LiveVox's cash requirements within the next 12 months consist primarily of
operating and administrative activities including employee related expenses and
general, operating and overhead expenses, current maturities of the Company's
term loan, operating and finance leases and other obligations.

LiveVox's long-term cash requirements consist of various contractual obligations and commitments, including:



•Term loan - The Company has contractual obligations under its term loan to make
principal and interest payments. Please see Note 9 to the Company's consolidated
financial statements included in Part I, Item 1 of this Quarterly Report for a
discussion of the contractual obligations under the Company's term loan and the
timing of principal maturities. The principal amount is due December 31, 2025;

•Operating and finance lease obligations - The Company leases its corporate
headquarters and worldwide offices under operating leases, and finance computer
and networking equipment and software purchases for its co-location data centers
under finance leases.

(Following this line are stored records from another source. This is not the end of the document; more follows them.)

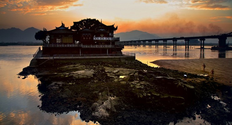 福州金山寺福州金山寺位于福州市西郊洪塘村附近烏龍江上,建于宋代,是福州唯一的水中寺,金山寺原是江心的小石阜,因為它的形狀象石印浮于水面,早在宋代當地人就在這石埠上建了一座寺廟,因為很像鎮江的金山寺,故取名小金山寺。據《洪塘志》記載:“金山江心矗起,形象印浮水面,似江南鎮江,故曰小金山。有塔七級,故曰金山塔寺。”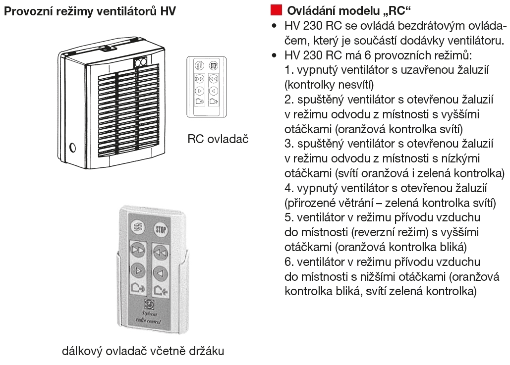![]() | Regulace otáček HV 300 A se zapíná a vypíná ovladačem CR 300, kde se otočným a kolébkovým přepínačem volí jednotlivé režimy 1 až 5 1. vypnutý ventilátor s uzavřenou žaluzií (kontrolky nesvítí) 2. spuštěný ventilátor s otevřenou žaluzií v režimu odvodu z místnosti s vyššími otáčkami (oranžová kontrolka svítí) 3. spuštěný ventilátor s otevřenou žaluzií v režimu odvodu vzduchu z místnosti s nízkými otáčkami (svítí oranžová i zelená kontrolka) 4. vypnutý ventilátor s otevřenou žaluzií (přirozené větrání – zelená kontrolka svítí) 5. ventilátor v režimu přívodu vzduchu do místnosti (reverzní režim) s vyššími otáčkami (oranžová kontrolka bliká) | |
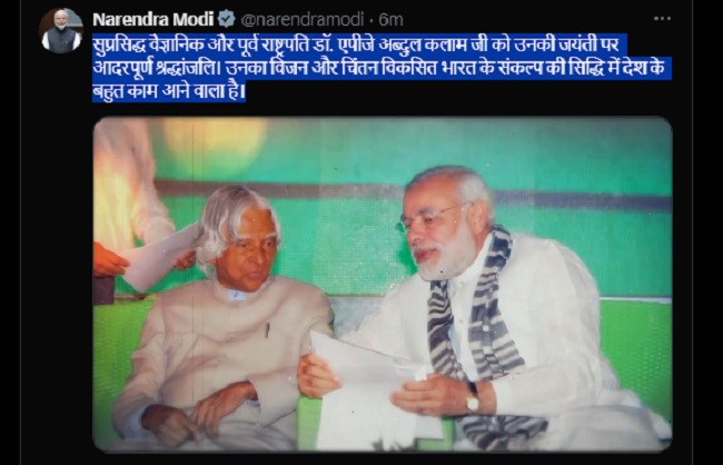 नई दिल्ली, 15 अक्टूबर । प्रधानमंत्री नरेन्द्र मोदी ने आज पूर्व राष्ट्रपति और दुनियाभर में मिसाइल मैन के नाम से विख्यात डॉ. एपीजे अब्दुल कलाम को उनकी जयंती पर श्रद्धांजलि दी। प्रधानमंत्री ने एक्स हैंडल पर लिखा,” सुप्रसिद्ध वैज्ञानिक और पूर्व राष्ट्रपति डॉ. एपीजे अब्दुल कलाम जी को उनकी जयंती पर आदरपूर्ण श्रद्धांजलि। उनका विजन और चिंतन विकसित भारत के संकल्प की सिद्धि में देश के बहुत काम आने वाला है।”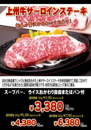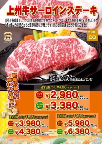 2024年1月のGGC前橋駒形店、GGC前橋小相木店、ハッピーバーグ高崎倉賀野店のおすすめメニューは「上州牛サーロインステーキ」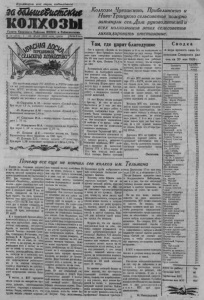 Пролетарии всех стран, соединяйтесьl заШ м ие$т иХие КО Л ХО ЗЫ Г а з е т а Северного Райкома В К П ( б ) и Райисполкома Л« 32 ( ¿ 7Г)) I 24 М А Я 1969 года, среоа [ Цена 8 кон. К о л х о з ы Чувашского, П р и б е л и н с к ою и Н о в о - Троицкого сельсоветов позорно з ат я н у л и сев. Д о л г р у к о в о дит ел ей и в с е х колхозников э т и х сельсоветов ликвидировать от ставание. ( 770 представлению Г К В К П (б) и Р П К а заносят- (] гя на Районную красную доску передовые сельоове- ( 71>и< И Т С , колхозы, тракторные, и по.геводческие ( бригады, звенья, стахановцы социалистических (, по-1ей, показавшие высокую производительность I труда на весенних полевых работах: (. Г ( ( <; ( ( ( ( (: . ( (. ( ( 44 С и д о р о в А . И . —пахарь колхоза «Единый путь». При по^ме 1,5 га, выполянет ежедиеичо 2 , 0 7 . 45. К у л т ы ги н А М . - п а х а р ь колхоза «Единый путь». Выпахивает ежедневно 2.05 га. 4<>. С о р о к и н И . А .—пахарь колхоза«Единый путь» дает 1, 76 га. 4 I. К о в а л е н к о М . А —пахарь колхоза пн. Буденного При норме 1, 30 га выпахивает 2, 25 га. 48. Е г о р о в Д Е —сеяльщик колхоза им. Ежова. Перевыполнилнорнуежедневно на 180 Проц. 49. Б у е в и ч Е .Е . —пахарь колхоза «17 паптс/езд» При норме 1,20 выпахивает ежедневно от 1,50 до 1,70 га. ) ) ) ) ) ) ) ) ) ) ( ) ) ') О ; ) ) I : ) ) j)‘ |) Т а м , где царит б л а го душ и е т в и е л та С ет е к и в у д » в ет к Н о о н лх в ет о оТ е з - р е ро п и « и Б цк о м о о г р о ь м б е с д а е л з е л а ь н с н п о о я . к П о а н 2 а 0 3 м 4 ая пр п о л ц а . н П в о ы се п я о н л о не 7 н 4 т ,8 ол г ьа из Р 2 у 2 к 2 о . водители этого колхзоа не б н о ие рют в с е я сен з не а го б с ы е с в т а р . е П йш ре е д е се о д к ат он е ч ль а тон. Бояров вместо руководства с н п я о и л . з е у в Б ы е р м т и т и р га у р д д аб и о в р т Ж ам п у о р п л о — е в во о п й т л л о е х ж о б и р в и о а р г е а г т а д е. Оп иногда совсем не выходит на работу, а занимается пьянкой я частой женитбьой. 15 мая Журов послал лошадей в бригаду, во сам не явился. д К а о л л и х , оз к н о и гд ки а до нм 1 д ч а а ду су т р д а н б и от о у жи и , наконец, вынужденыбы’ ли уйти д д м и о о т м . е о л й О е . н й о Т к а в о к л о о х з е м о у з щ а п а д о е в а т е л д ь е ш н к и е ол е х н о е з р т н у е и к р к о п в о и о в . И особенно в то время, когда в колхозе уже нет ни килограмма семенного материала. Трактроы Тартасской МТС, из- за невнимательною отношения к своим обязанностям трактористов и плохого ремонта, рабоатют с б в о о л р ьш с им к и олх п о е з р о е м боям е и е . М в Т ы С пол д н о я го ет . 1рактор СГЗ с 28-го апреля по 1э-е мая вспахал всего лить 22,4 гектара. Вместо суточной порчи в 6 га оп выпахивает от полутора до двух гектар. Второй т ды рак б т о о ль р ш С е ТЗ сто с ит н , ер ч в е о м н-же рабо бо та р е о т з. ж н 1 а и т га т о о л ни ь м е ко , уф м п т и о а т - о ж с м ц е у е , п с л г ч е о т н о р и а я ю н , е т и т с с о п в р е а ч з в и а . с П т о ы л 1 о . 3 мки мая • плу М го ТС в в т ы ак сл ж а е ла о д ч в е а н т ь р ч а а к т т т г о л о о р и к р а с с т С в о Т е я З л ч и и — . 1 и 1 П з А е - Т з р а И е , бр т н о о о г ш о е о , н н и ны ч д й т в о о т е р с с а о у к ж из колхоза «Коминтерн» также не пашет потому, что у плуга нет шпор и колхозный кузнец вынужден их делать. Механик МТС тов. Антонов и т д с о к р н у у о ю г в ие п м о н п м о л о г о о щ х ь о го о т в р к о а а р з к и ы т л о в р а и и ю с о т т б а т м е е щ х . н а и л А ч н н е а пленуме сельсовета, но только т и м о и а р л к о о , в д д т е а о ла л е и ь т к . т о от С оди 4 п н -г у о р ж а в м з ой б а ы я л у по м т м е р о х а щ а к - и т не ор о в к с а т з а а л л . . После е

Please see Note 8 to the Company's consolidated financial
statements included in Part I, Item 1 of this Quarterly Report for further
detail of the Company's obligations under operating and finance leases and the
timing of expected future lease payments;

•Other liabilities - These include other long-term liabilities reflected in the
Company's consolidated balance sheets as of March 31, 2022, including
obligations associated with certain employee and non-employee incentive plans,
Forward Purchase Warrants, unrecognized tax benefits and various long-term
liabilities, which have some inherent uncertainty in the timing of these
payments.

Future capital requirements will depend on many factors, including the Company's
customer growth rate, customer retention, timing and extent of development
efforts, the expansion of sales and marketing activities, the introduction of
new and enhanced services offerings, the continuing market acceptance of the
Company's services, effective integration of acquisition activities, if any, and
maintaining the Company's bank credit facility. Additionally, the duration and
extent of the impact from the COVID-19 pandemic continues to depend on future
developments that cannot be accurately predicted at this time. While the
COVID-19 pandemic has caused operational difficulties, and may continue to
create challenges for the Company's performance, it has not, thus far, had a
substantial net impact on the Company's liquidity position.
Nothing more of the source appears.